(WHAT YOU NEED TO DO) Please give an exact transcription of the lines below, from the one that contains "绣娘们,垂下的眉毛,飞扬的丝" to the very last, with no other lines.

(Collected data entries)
---------------

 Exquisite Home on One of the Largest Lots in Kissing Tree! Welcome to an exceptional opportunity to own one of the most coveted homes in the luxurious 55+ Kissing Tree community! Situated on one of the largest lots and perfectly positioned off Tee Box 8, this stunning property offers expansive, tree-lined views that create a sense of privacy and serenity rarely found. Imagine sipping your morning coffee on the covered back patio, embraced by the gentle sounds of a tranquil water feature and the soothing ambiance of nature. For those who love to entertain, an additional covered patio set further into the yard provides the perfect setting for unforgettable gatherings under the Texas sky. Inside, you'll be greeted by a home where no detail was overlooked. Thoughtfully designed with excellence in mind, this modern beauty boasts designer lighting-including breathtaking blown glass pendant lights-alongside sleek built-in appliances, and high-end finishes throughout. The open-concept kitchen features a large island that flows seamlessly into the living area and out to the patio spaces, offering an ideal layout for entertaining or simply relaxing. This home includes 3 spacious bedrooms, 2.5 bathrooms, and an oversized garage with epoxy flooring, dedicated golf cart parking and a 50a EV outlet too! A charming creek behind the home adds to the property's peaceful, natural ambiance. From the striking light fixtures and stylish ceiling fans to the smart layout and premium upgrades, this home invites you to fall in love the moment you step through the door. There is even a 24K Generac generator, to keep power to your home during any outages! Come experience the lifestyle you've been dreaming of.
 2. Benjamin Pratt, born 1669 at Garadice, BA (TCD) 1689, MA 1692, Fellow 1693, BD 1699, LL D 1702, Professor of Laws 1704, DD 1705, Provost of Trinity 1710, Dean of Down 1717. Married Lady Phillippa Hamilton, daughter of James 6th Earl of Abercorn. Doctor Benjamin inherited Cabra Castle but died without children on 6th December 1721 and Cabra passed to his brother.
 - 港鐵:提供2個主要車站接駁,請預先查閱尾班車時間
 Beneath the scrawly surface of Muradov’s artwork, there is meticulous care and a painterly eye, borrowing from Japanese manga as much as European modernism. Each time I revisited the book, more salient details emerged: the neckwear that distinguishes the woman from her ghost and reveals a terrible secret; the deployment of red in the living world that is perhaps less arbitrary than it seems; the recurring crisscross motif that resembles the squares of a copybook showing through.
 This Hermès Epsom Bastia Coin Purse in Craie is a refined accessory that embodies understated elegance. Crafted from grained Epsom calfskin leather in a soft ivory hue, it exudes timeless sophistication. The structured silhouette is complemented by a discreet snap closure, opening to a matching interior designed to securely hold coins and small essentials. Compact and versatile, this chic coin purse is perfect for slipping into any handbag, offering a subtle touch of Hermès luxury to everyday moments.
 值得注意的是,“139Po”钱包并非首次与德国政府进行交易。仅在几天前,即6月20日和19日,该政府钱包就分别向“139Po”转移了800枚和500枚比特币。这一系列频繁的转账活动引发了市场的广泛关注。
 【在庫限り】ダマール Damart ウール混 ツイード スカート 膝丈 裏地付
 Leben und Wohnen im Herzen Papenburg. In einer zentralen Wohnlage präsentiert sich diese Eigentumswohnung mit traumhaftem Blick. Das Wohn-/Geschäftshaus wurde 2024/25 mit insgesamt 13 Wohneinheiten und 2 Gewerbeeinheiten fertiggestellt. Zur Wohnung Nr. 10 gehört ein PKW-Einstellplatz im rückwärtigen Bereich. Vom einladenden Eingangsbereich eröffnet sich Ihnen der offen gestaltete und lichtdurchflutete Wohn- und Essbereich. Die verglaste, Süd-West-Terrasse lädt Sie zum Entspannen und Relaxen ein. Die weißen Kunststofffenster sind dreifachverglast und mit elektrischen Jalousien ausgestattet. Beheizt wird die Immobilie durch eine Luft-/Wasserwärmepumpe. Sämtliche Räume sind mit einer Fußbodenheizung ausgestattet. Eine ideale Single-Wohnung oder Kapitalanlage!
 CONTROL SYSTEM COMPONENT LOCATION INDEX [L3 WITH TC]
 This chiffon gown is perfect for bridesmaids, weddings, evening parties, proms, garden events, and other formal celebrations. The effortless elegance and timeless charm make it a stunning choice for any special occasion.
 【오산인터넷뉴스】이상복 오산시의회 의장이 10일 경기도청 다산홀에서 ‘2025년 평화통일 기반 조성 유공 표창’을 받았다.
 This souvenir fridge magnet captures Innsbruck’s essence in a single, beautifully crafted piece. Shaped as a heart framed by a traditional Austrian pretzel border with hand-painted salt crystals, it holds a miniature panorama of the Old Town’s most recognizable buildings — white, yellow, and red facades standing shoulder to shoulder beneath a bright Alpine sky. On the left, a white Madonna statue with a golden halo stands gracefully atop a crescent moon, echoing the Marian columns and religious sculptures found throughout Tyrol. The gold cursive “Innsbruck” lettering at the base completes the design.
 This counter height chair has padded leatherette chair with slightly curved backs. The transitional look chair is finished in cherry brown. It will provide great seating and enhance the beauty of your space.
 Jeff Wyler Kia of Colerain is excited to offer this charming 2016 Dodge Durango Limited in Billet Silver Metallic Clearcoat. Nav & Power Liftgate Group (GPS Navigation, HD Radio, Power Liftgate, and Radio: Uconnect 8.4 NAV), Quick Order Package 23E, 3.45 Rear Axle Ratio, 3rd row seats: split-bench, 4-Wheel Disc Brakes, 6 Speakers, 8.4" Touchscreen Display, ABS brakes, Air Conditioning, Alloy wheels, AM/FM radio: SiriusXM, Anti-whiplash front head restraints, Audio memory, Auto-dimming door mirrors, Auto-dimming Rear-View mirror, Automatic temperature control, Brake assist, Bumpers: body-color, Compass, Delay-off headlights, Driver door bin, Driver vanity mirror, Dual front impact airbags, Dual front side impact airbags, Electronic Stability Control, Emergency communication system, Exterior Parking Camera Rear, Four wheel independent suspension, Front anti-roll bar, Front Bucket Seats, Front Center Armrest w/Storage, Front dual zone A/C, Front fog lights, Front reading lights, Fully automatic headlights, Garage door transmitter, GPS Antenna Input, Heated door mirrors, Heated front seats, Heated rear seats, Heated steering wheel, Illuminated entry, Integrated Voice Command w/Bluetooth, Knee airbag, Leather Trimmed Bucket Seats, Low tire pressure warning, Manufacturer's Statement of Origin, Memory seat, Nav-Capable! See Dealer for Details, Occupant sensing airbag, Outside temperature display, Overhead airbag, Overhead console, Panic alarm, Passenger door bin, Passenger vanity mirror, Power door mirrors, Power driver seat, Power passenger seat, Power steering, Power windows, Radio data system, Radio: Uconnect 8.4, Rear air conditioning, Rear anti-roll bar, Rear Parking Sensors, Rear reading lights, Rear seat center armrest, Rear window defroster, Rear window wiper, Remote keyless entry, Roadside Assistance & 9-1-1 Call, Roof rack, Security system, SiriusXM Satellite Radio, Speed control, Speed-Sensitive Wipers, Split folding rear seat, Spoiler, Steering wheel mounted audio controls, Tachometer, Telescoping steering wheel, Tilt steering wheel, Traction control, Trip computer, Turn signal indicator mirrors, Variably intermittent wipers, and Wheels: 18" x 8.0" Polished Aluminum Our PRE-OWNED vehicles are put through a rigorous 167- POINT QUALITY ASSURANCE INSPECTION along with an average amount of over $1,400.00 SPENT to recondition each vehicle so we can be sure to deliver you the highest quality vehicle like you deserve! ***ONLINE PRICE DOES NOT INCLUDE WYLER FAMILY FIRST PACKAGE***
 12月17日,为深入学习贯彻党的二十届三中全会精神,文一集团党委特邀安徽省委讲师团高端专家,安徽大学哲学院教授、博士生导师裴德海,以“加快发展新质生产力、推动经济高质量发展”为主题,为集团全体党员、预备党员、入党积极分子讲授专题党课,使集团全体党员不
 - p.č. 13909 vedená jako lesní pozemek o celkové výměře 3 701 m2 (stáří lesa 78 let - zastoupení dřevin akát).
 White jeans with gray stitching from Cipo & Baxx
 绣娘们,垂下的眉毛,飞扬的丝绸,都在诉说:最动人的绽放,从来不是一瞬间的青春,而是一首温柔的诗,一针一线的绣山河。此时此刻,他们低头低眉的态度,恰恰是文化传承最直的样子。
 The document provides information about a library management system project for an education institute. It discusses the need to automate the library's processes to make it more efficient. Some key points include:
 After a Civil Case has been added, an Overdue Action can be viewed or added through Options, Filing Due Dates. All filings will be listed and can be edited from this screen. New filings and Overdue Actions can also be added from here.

---------------

(WRITTEN RESPONSE)
 绣娘们,垂下的眉毛,飞扬的丝绸,都在诉说:最动人的绽放,从来不是一瞬间的青春,而是一首温柔的诗,一针一线的绣山河。此时此刻,他们低头低眉的态度,恰恰是文化传承最直的样子。
 The document provides information about a library management system project for an education institute. It discusses the need to automate the library's processes to make it more efficient. Some key points include:
 After a Civil Case has been added, an Overdue Action can be viewed or added through Options, Filing Due Dates. All filings will be listed and can be edited from this screen. New filings and Overdue Actions can also be added from here.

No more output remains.